In certain cases the selector gene may be in-frame and under the control of a selector promoter. The selector promoter may be inducible or repressible by means of a transactivation domain or repressor domain, respectively. In some cases the CRISPR-Cas system comprises a Cas (e.g. Cas9) fusion protein comprising a transactivation domain or repressor domain for said selector promoter. In particular, the Cas may be a catalytically inactive endonuclease. For example, the Cas9 fusion protein may comprise a mutant Cas9 having substantially no endonuclease activity or having reduced endonuclease activity relative to wild-type Cas9. The inactive Cas9 may be directly or indirectly coupled or fused to the transactivation domain or repressor domain. The presence of, or delivery of, the matching sgRNA to the cell results in localisation of the Cas9-transactivator or Cas9-transrepressor fusion protein to the target site of the selector gene and activation or repression of the selector gene, respectively. In some cases the transactivation domain activates or induces said selector promoter. In some cases the repressor domain down-regulates said selector promoter. In particular cases the transactivation domain protein may comprise a tetracycline transactivator protein and the selector promoter may comprise a tetracycline response element (TRE). In certain cases the transrepressor protein may comprise a Kruppel associated box (KRAB) domain KRAB protein. Examples of human genes encoding KRAB domain proteins include: KOX1/ZNF10, KOX8/ZNF708, ZNF43, ZNF184, ZNF91, HPF4, HTF10 and HTF34. In certain cases the action of said CRISPR-Cas system comprises transactivation of said selector promoter thereby causing transcriptional activation of said selector gene.

In some cases the one or more vectors encoding the components of the CRISPR-Cas system comprise a Cas9-encoding gene under control of a human polymerase II promoter and/or a sgRNA-encoding gene under control of a human polymerase III promoter.
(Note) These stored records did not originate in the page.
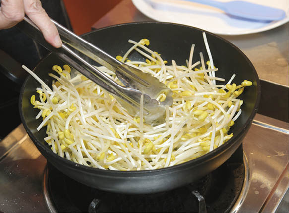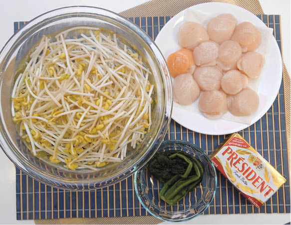 材料:北海道帶子十二隻、大豆芽一斤、雪菜適量、牛油少許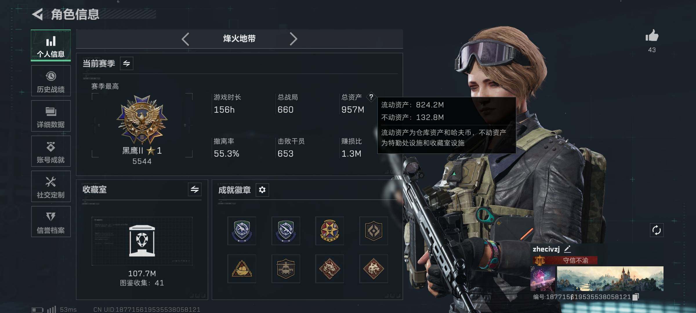 [16198550]可二次【特价出售/店主推荐】957m总资产-621466k哈伏币-60烽火等级-黑鹰-17战场等级-列兵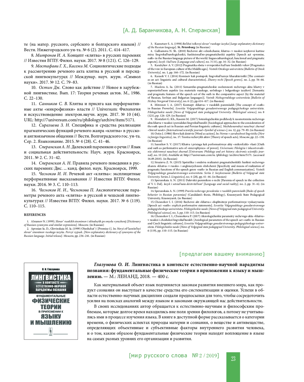 16. Чесноков И. И., Чеснокова П. Аксиологические параметры речевого акта «клятва» в русской и чешской лингвокультурах // Известия ВГПУ. Филол. науки. 2017. № 6 (119). С. 110-115.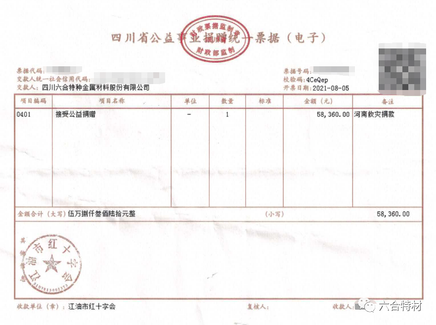 8月5日,明胜m88官网积极贯彻落实习近平总书记对防汛救灾工作作出的重要指示精神,通过江油市红十字会向河南灾区捐款合计58360元,支持河南水灾经济救援和灾后恢复重建工作。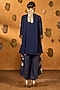 Masaba presents a mesmerizing sapphire blue kurta in raw silk base with hand embroidery, coin embellishment and gota detail. It is paired with zari checkered pants having foil print. Enhance your style by embracing ornate chandbalis, lustrous metallic heels, soft curls and a clutch to evoke festive grandeur.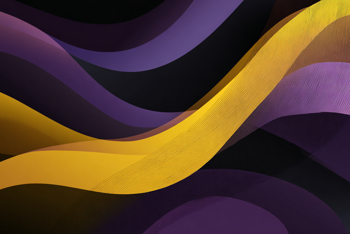 A dynamic 4K wallpaper of abstract purple and gold waves flowing across a dark background. The metallic gold bands, some textured with fine lines, dramatically sweep and intersect with varying shades of translucent purple curves, creating a fluid and sophisticated visual rhythm.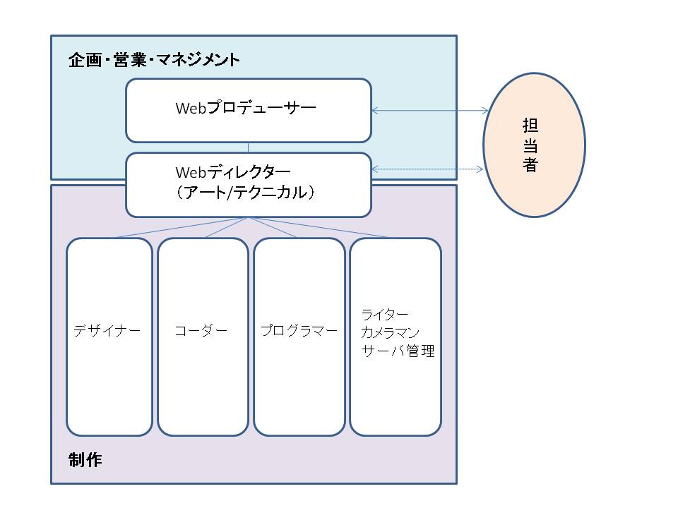 Web制作請負会社の場合、先方の担当者と直接話し合ってサイト構築の企画を立てる「Webプロデューサー」、Webプロデューサーや場合によっては先方の担当者と話し合いながらWebサイト全体の設計を行う「Webディレクター」、Webディレクターのもとで実際にサイト制作を行う「デザイナー」「コーダー」「プログラマー」「ライター/カメラマン/サーバ管理者」がいる。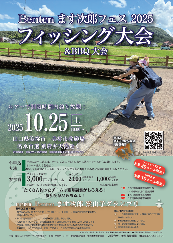 Bentenます次郎フェス2025 フィッシング大会&BBQ大会開催♪♪ 詳細・お申込みは、こちらをご確認ください。チラシデータ Loading... エリア 下関・秋吉台・宇部エリア 美祢市 カテゴリー 自然 川・滝・湖・渓谷 レジャースポット 体験 収穫体験 基本情報 住所 山口県美祢市 お問い合わせ 美祢市養鱒場 電話番号 0837-64-0203 ウェブサイト 詳細・申込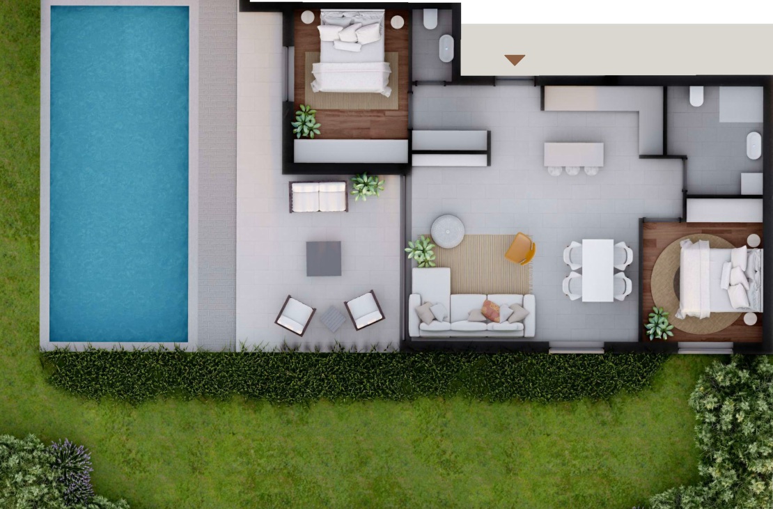 Der private Garten mit 64,23 m² bildet gemeinsam mit der 12,81 m² großen überdachten Terrasse und dem 36 m² umfassenden Swimmingpool ein exklusives Outdoor-Ensemble – geschaffen für Ruhe, Sonne und stilvolle Momente unter freiem Himmel. Ein zugeordneter Stellplatz mit 11,50 m² ergänzt das Angebot.

In certain cases the selector gene encodes ZS Green or Green Fluorescent Protein (GFP).

In some cases in accordance with this and other aspects of the present invention, the method comprises a preceding stage in which at least one cell from among the population of barcoded cells is selected for retrieval as a desired cell. In particular, the population of barcoded cells may be subjected to a particular environment (e.g. cell culture conditions, in vivo exposure/selection) or selection pressure (e.g. treated with a chemotherapeutic agent), which may reveal or select for a particular phenotypic property of interest (e.g. drug resistance). The at least one cell having a phenotypic property of interest may be isolated and/or obtained from the population of barcoded cells (e.g. a parallel aliquot of the population of barcoded cells stored for the purposes of retrieval) and analysed to determine the barcode that it carries. For example, the desired cell may have DNA extracted and sequenced (e.g. by next generation sequencing techniques). The identity of the barcode of the desired cell then informs the choice of CRISPR RNA (e.g. sgRNA) that is used in the cell retrieval method of the present invention so as to retrieve the desired cell having the particular phenotypic property of interest. Accordingly, in certain cases in accordance with the present invention, the method comprises a preceding step in which said first barcode is chosen for retrieval in a preceding step. The preceding step may comprise sequencing the barcode of a desired cell from said population of barcoded cells. The method may additionally comprise selecting a CRISPR RNA (e.g. sgRNA) that targets the sequence of the barcode of the desired cell, so as to retrieve the desired cell having the particular phenotype property of interest.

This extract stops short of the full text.